▸ **WHAT YOU HAVE TO DO**: In the records below, find the line that contains "E Taxi Scheme" and the line that contains "4. The D height"; write out exactly those two lines and everything between them, without the pictures.

▸ **INPUT DATA**:
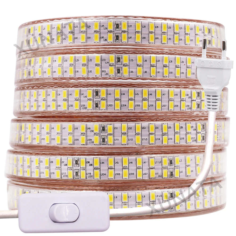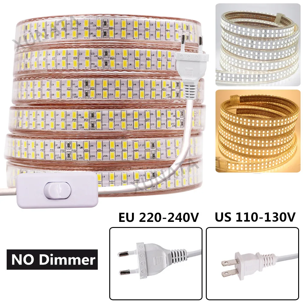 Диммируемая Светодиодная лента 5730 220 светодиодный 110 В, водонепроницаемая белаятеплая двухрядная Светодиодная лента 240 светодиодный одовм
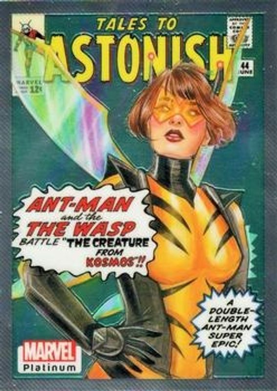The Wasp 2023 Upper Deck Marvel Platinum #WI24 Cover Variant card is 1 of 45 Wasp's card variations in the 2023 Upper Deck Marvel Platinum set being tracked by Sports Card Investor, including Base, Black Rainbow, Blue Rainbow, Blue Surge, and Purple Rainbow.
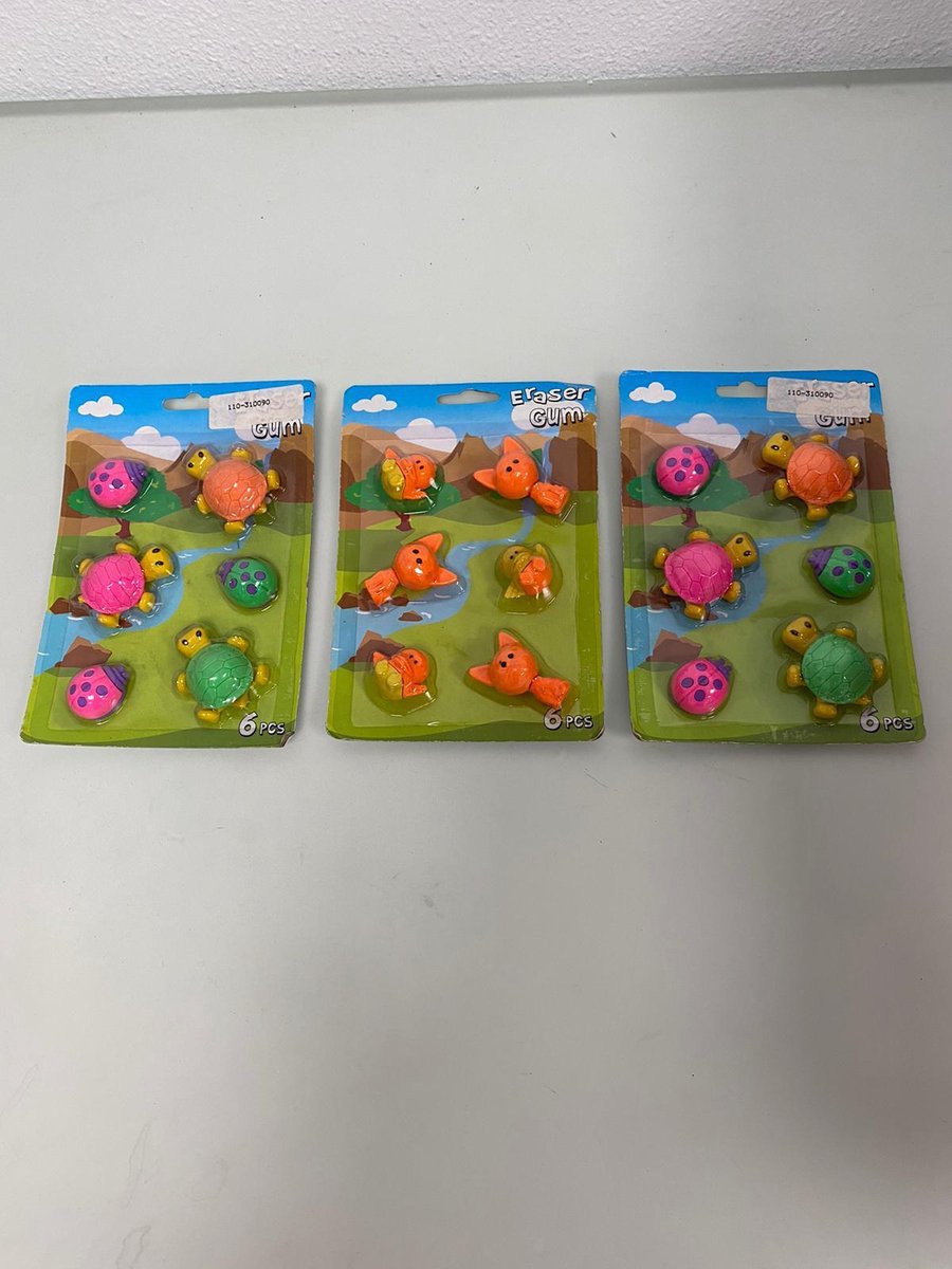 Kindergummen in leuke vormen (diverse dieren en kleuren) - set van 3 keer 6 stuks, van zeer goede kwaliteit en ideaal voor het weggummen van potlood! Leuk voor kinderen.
--
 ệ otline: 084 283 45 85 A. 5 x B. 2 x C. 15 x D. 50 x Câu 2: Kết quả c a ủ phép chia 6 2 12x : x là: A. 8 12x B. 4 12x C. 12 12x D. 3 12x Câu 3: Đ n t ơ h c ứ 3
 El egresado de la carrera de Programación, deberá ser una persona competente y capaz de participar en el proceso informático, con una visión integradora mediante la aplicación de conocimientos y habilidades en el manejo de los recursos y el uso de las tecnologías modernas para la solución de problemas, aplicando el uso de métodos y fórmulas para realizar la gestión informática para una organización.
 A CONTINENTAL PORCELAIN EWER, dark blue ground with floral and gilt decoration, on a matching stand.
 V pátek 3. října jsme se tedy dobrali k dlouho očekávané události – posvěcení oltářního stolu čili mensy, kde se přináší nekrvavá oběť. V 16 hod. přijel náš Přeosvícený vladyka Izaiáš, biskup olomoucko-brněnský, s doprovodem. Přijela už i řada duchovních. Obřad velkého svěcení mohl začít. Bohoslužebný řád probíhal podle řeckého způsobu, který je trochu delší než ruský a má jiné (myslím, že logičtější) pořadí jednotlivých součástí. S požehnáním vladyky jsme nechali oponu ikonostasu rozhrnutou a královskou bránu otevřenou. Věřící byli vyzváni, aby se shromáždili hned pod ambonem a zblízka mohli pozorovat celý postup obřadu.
--
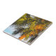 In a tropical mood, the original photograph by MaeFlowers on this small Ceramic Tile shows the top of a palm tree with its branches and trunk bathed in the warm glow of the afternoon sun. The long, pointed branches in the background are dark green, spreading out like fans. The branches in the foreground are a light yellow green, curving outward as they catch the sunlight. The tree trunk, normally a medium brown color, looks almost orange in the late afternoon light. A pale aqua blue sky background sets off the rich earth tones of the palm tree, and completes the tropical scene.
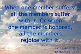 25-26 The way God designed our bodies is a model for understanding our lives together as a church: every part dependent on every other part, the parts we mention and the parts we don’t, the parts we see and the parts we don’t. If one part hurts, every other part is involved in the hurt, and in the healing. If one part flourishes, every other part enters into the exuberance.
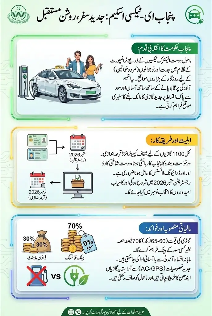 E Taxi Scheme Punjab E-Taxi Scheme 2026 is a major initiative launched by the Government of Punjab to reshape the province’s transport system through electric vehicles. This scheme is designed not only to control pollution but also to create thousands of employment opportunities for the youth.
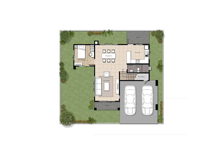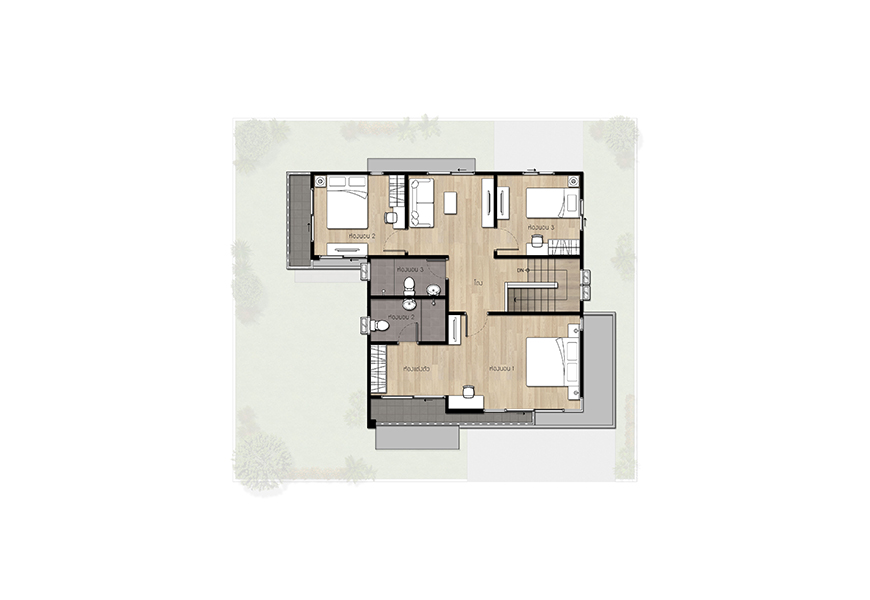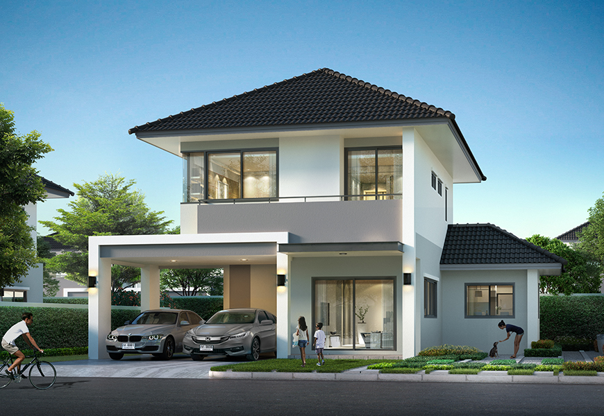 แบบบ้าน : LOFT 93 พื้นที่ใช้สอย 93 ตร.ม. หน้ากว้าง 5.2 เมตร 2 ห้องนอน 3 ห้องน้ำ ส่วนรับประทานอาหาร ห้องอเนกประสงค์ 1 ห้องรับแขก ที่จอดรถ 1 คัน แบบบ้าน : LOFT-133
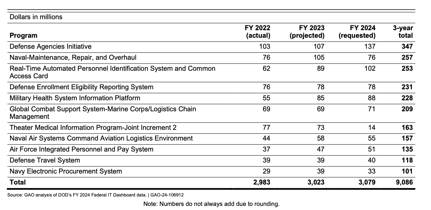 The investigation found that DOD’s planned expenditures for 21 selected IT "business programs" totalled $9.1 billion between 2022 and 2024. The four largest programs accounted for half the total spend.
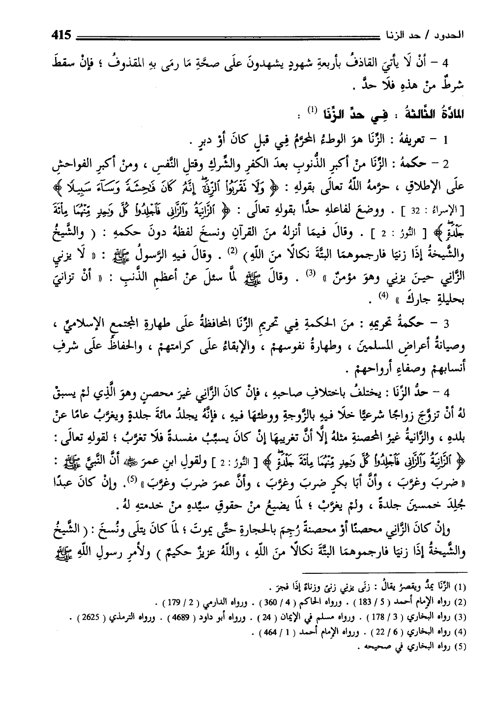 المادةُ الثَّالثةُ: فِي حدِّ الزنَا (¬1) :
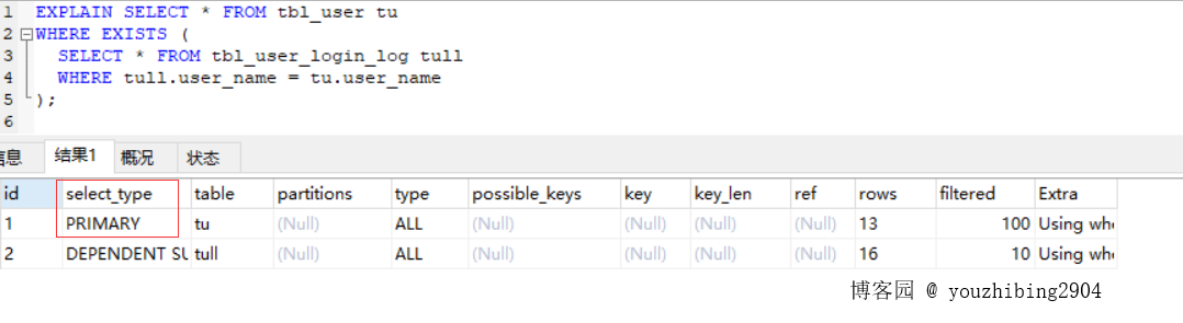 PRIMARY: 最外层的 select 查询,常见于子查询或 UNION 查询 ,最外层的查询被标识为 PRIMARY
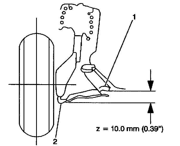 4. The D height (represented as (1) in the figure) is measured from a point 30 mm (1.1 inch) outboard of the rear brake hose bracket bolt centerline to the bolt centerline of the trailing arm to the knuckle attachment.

▸ **PROBLEM SOLUTION**:
 E Taxi Scheme Punjab E-Taxi Scheme 2026 is a major initiative launched by the Government of Punjab to reshape the province’s transport system through electric vehicles. This scheme is designed not only to control pollution but also to create thousands of employment opportunities for the youth.
 แบบบ้าน : LOFT 93 พื้นที่ใช้สอย 93 ตร.ม. หน้ากว้าง 5.2 เมตร 2 ห้องนอน 3 ห้องน้ำ ส่วนรับประทานอาหาร ห้องอเนกประสงค์ 1 ห้องรับแขก ที่จอดรถ 1 คัน แบบบ้าน : LOFT-133
 The investigation found that DOD’s planned expenditures for 21 selected IT "business programs" totalled $9.1 billion between 2022 and 2024. The four largest programs accounted for half the total spend.
 المادةُ الثَّالثةُ: فِي حدِّ الزنَا (¬1) :
 PRIMARY: 最外层的 select 查询,常见于子查询或 UNION 查询 ,最外层的查询被标识为 PRIMARY
 4. The D height (represented as (1) in the figure) is measured from a point 30 mm (1.1 inch) outboard of the rear brake hose bracket bolt centerline to the bolt centerline of the trailing arm to the knuckle attachment.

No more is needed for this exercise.